▶ _Task prompt_:
Keep the images out while you set down the data exactly.

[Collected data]
= = = = = = =
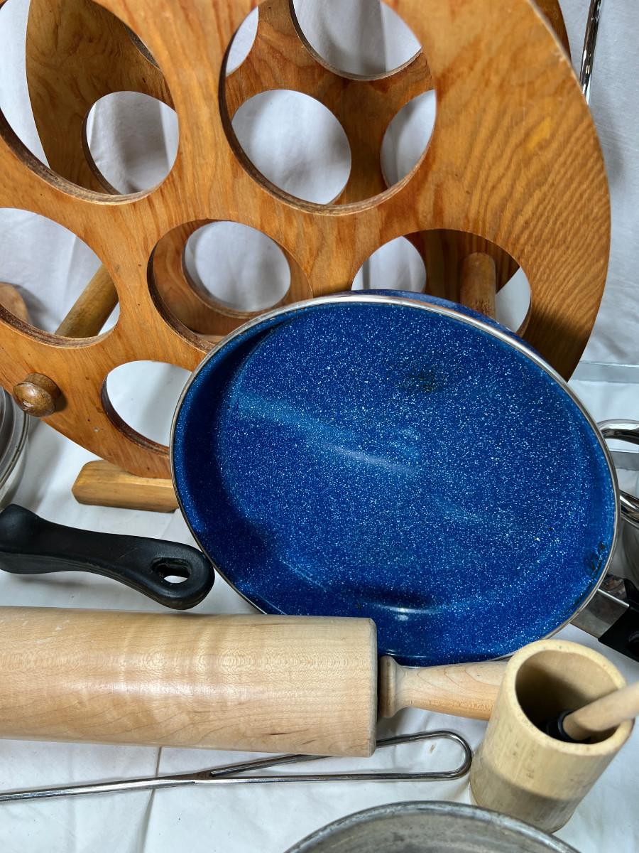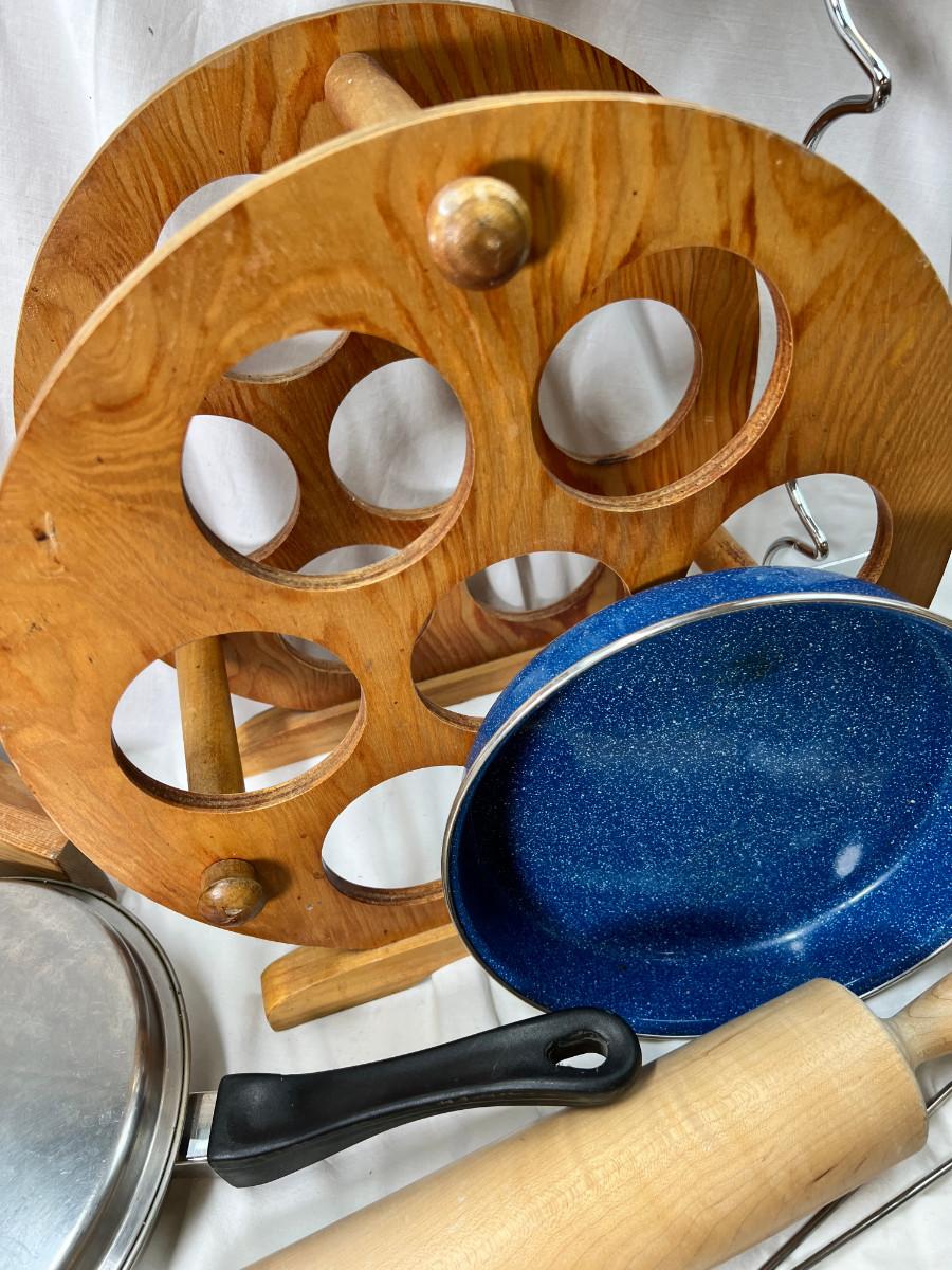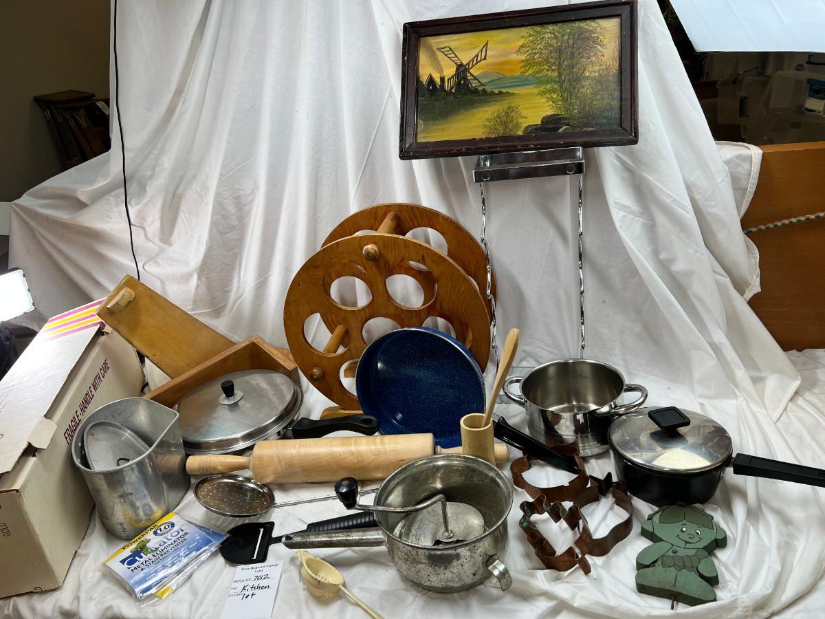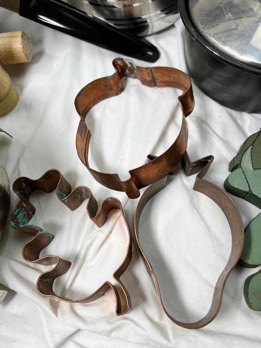 pots, pans, wine storage wood and metal. Book ends, copper cookie cutters
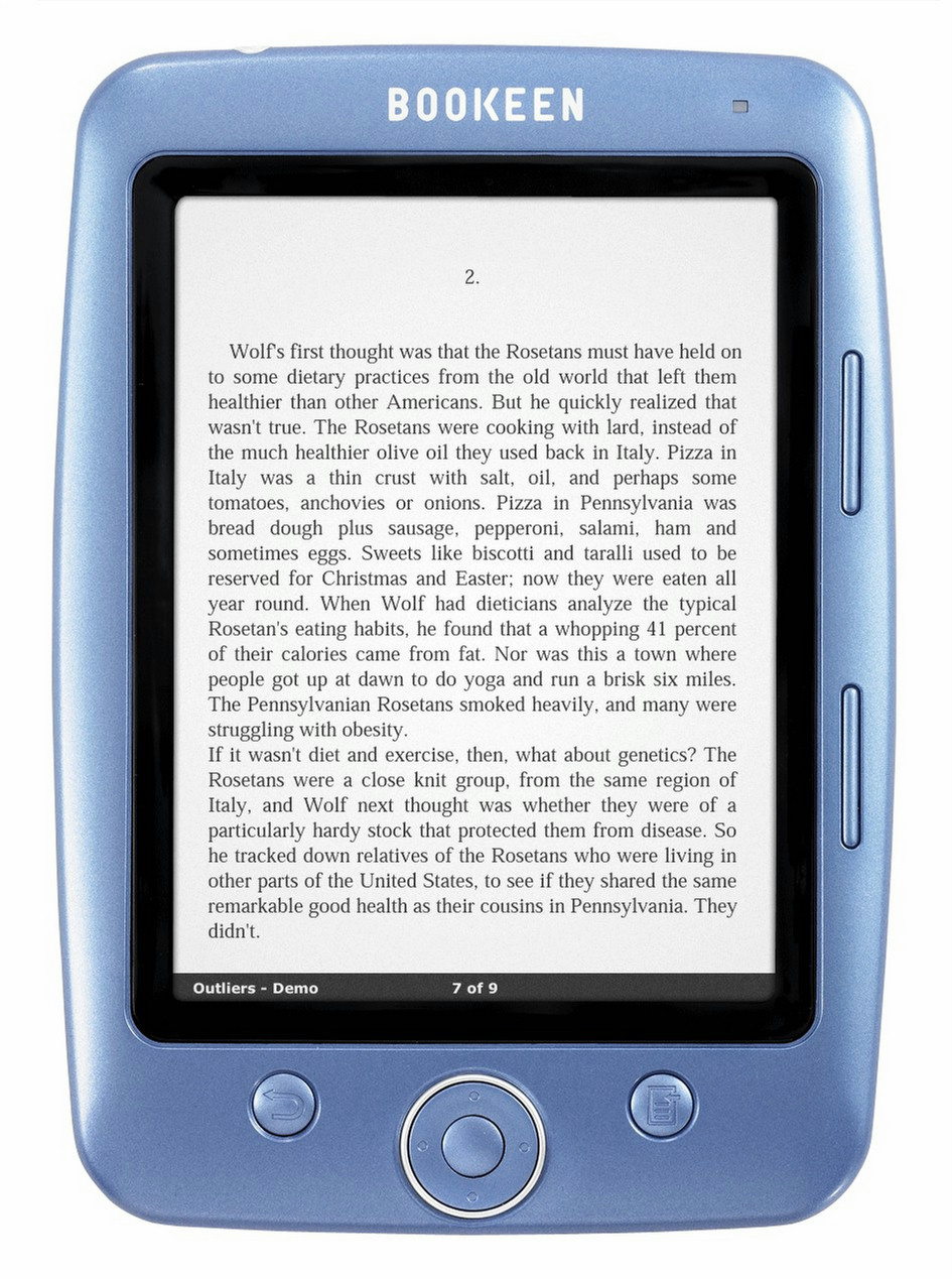 Bookeen Cybook OPUS. Диагональ: 12,7 см (5"), Технология: E Ink, Разрешение экрана: 600 x 800 пикселей. Подерживаемые форматы документов: ePub,FB2,HTML,PDF,TXT, Поддерживаемые форматы изображения: GIF,JPG,PNG. Емкость встроенной памяти: 1 ГБ, Совместимые карты памяти: microSD (TransFlash), Внутренняя память RAM: 32 МБ. Тактовая частота процессора: 400 МГц, Встроенный процессор: Samsung ARM. Тип интерфейса: USB 2.0
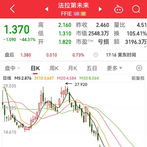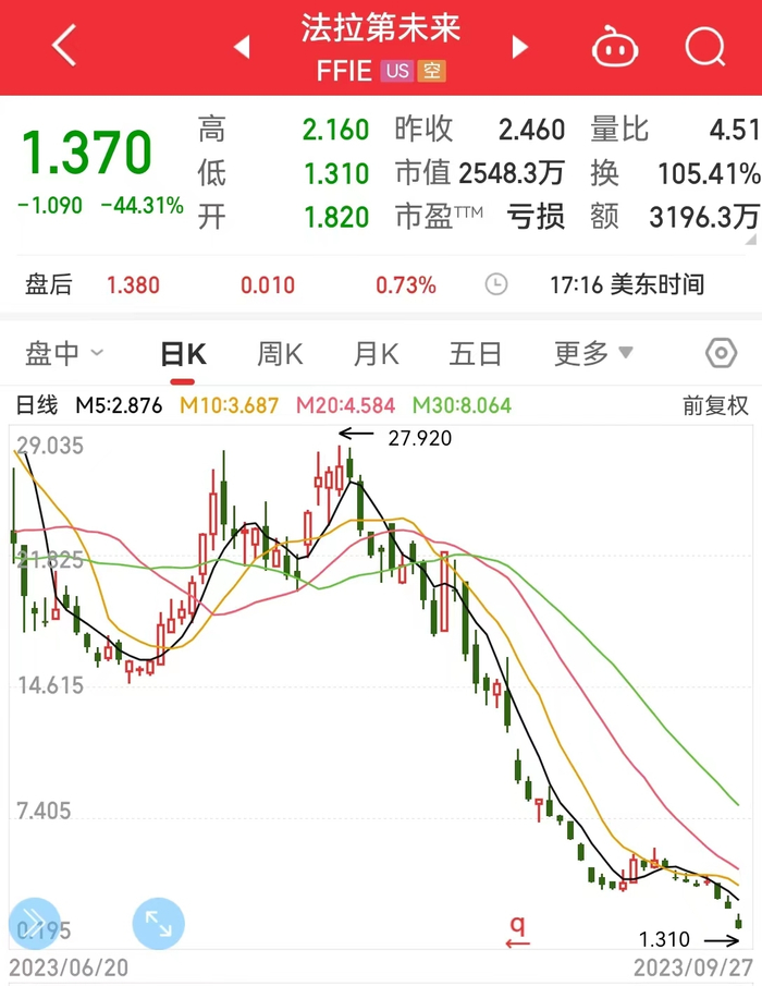 近一个月来,法拉第未来股价节节下跌,截至当地时间9月27日收盘,法拉第未来报1.37美元,跌幅44.31%。其市值跌破3000万美元关口,最新报2548.3万美元。
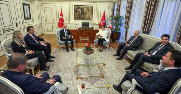 CHP Genel Başkanı Kemal Kılıçdaroğlu (sol 4), İYİ Parti Genel Başkanı Meral Akşener (sağ 4), Gelecek Partisi Genel Başkanı Ahmet Davutoğlu (solda), Deva Partisi Genel Başkanı Ali Babacan (sağda), Demokrat Parti Genel Başkanı Gültekin Uysal (sağ 2), Saadet Partisi Genel Başkanvekili Sabri Tekir (sağ 3), İstanbul Büyükşehir Belediye (İBB) Başkanı Ekrem İmamoğlu (sol 3), Anadolu 7. Asliye Ceza Mahkemesinin İBB Başkanı İmamoğlu hakkındaki mahkumiyet kararının ardından düzenlenen ''Millet, iradesine sahip çıkıyor'' mitingi öncesinde Saraçhane'deki belediye binasında bir araya geldi.
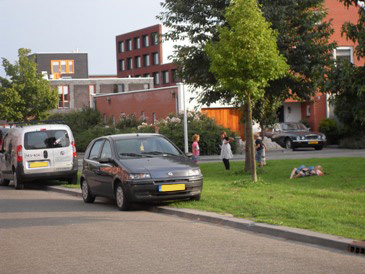 Ondanks de vakantieperiode staan er alsnog auto's op het grasveld geparkeerd.
= = = = = = =
▶ _Response to the exercise_:
 pots, pans, wine storage wood and metal. Book ends, copper cookie cutters
 Bookeen Cybook OPUS. Диагональ: 12,7 см (5"), Технология: E Ink, Разрешение экрана: 600 x 800 пикселей. Подерживаемые форматы документов: ePub,FB2,HTML,PDF,TXT, Поддерживаемые форматы изображения: GIF,JPG,PNG. Емкость встроенной памяти: 1 ГБ, Совместимые карты памяти: microSD (TransFlash), Внутренняя память RAM: 32 МБ. Тактовая частота процессора: 400 МГц, Встроенный процессор: Samsung ARM. Тип интерфейса: USB 2.0
 近一个月来,法拉第未来股价节节下跌,截至当地时间9月27日收盘,法拉第未来报1.37美元,跌幅44.31%。其市值跌破3000万美元关口,最新报2548.3万美元。
 CHP Genel Başkanı Kemal Kılıçdaroğlu (sol 4), İYİ Parti Genel Başkanı Meral Akşener (sağ 4), Gelecek Partisi Genel Başkanı Ahmet Davutoğlu (solda), Deva Partisi Genel Başkanı Ali Babacan (sağda), Demokrat Parti Genel Başkanı Gültekin Uysal (sağ 2), Saadet Partisi Genel Başkanvekili Sabri Tekir (sağ 3), İstanbul Büyükşehir Belediye (İBB) Başkanı Ekrem İmamoğlu (sol 3), Anadolu 7. Asliye Ceza Mahkemesinin İBB Başkanı İmamoğlu hakkındaki mahkumiyet kararının ardından düzenlenen ''Millet, iradesine sahip çıkıyor'' mitingi öncesinde Saraçhane'deki belediye binasında bir araya geldi.
 Ondanks de vakantieperiode staan er alsnog auto's op het grasveld geparkeerd.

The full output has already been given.